Tariff Refunds Now Available: What It Means for Connecticut

One year of federal tariffs pulled more money out of Connecticut than the Lamont administration’s 2023 tax cuts put back in.
As of April 20, importers can now apply to recover a portion of what they paid in tariffs levied through the International Emergency Economic Powers Act, ruled illegal by the U.S. Supreme Court in February.
The tariffs at issue represent one slice of a broader tariff regime.
U.S. law provides several different statutory paths for imposing duties, and IEEPA is one of them.
It served as the basis for nearly two-thirds of the tariffs the Trump administration enacted during its first year, beginning in April 2025.
How We Got Here
The Supreme Court ruled, on a 6–3 vote Feb. 20 that IEEPA does not authorize the president to impose tariffs.
The majority held that IEEPA’s grant of authority to regulate imports during a national emergency does not extend to taxation, which the U.S. Constitution assigns to Congress.
The decision invalidated every IEEPA tariff imposed since April 2025, including the 10% reciprocal duty on most trading partners, the fentanyl-linked duties on Canada, Mexico, and China, and the China-specific rates that reached as high as 145%.
CBP estimates it owes roughly $166 billion across 330,000 importers.
Refund guidance is now in place, though it took two months to get there.
The Supreme Court did not address refunds, so the Court of International Trade ordered Customs and Border Protection in March to refund IEEPA duties collected from all importers of record, not only named plaintiffs.
CBP opened its portal this week, along with a step-by-step guide to navigating the refund process.
The agency estimates it owes roughly $166 billion across 330,000 importers on 53 million entries brought in between April 2025 and February 2026.
Connecticut Dodged the Worst Outcomes
States were impacted differently across the country.
South Carolina importers paid the most in IEEPA duties relative to the size of their state economy, at 0.93% of GDP.
Kentucky and Georgia followed at 0.85% and 0.77%. New Jersey, the hardest-hit Northeast state, paid 0.7% of GDP.
Connecticut fared better. Importers here paid roughly $692 million in IEEPA duties between February and December 2025, equal to 0.18% of state GDP and placing the state in the bottom third nationally.
Connecticut importers paid roughly $692 million in IEEPA duties over 11 months.
Within the Northeast, Connecticut’s burden came in below Massachusetts, Rhode Island, New York, New Jersey, and Pennsylvania.
The dollar figure is still substantial in state fiscal terms.
To put into perspective, the $692 million Connecticut importers paid over 11 months exceeds the full annual value of the 2023 Lamont tax relief package, which the administration estimated at $460 million a year across the income tax cut, the expanded Earned Income Tax Credit, and the senior pension exemption.
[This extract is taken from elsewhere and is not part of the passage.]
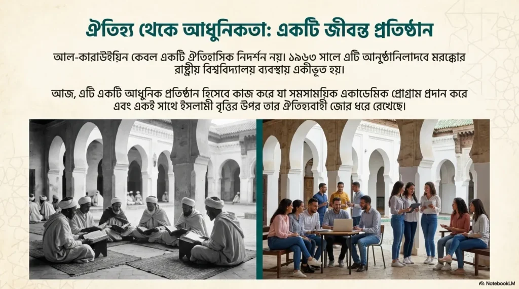 অনেকে ভাবতে পারেন এত পুরনো প্রতিষ্ঠান কি এখনো টিকে আছে? উত্তর হলো—হ্যাঁ। ১৯৬৩ সালে al-Qarawiyyin-কে মরক্কোর State University System-এর অন্তর্ভুক্ত করা হয়।

It also likely exceeds nearly a decade of revenue from the state’s so-called “temporary” 10% corporate tax surcharge.
Drag on the Business Environment
Tariffs weighed on a Connecticut manufacturing sector that was already under strain.
The sector shed 2,600 jobs in 2025, a 1.7% decline that pushed employment to its lowest level since 2021 and marked the steepest single-year loss outside of the pandemic in over a decade.
Nationally, manufacturing contracted for nine consecutive months through November.
Respondents to the ISM’s nationwide October Manufacturing PMI survey filed more than six negative comments about tariffs for every positive comment of any kind.
Two-thirds of Connecticut manufacturers believed tariffs negatively impacted their business.
Connecticut manufacturers voiced the same frustration.
CBIA’s 2025 Manufacturing Report shows 66% of manufacturers believed tariffs negatively impacted their business, with 3% saying the levies were positive.
Ninety-five percent said the cost of doing business was rising, with tariffs compounding pressure from labor, healthcare, and energy costs.
Refunds do not reverse the supply chain and pricing decisions producers made over a year of IEEPA duties, but they return capital to a sector running on thin margins, and hopefully will help producers recover from a challenging 2025.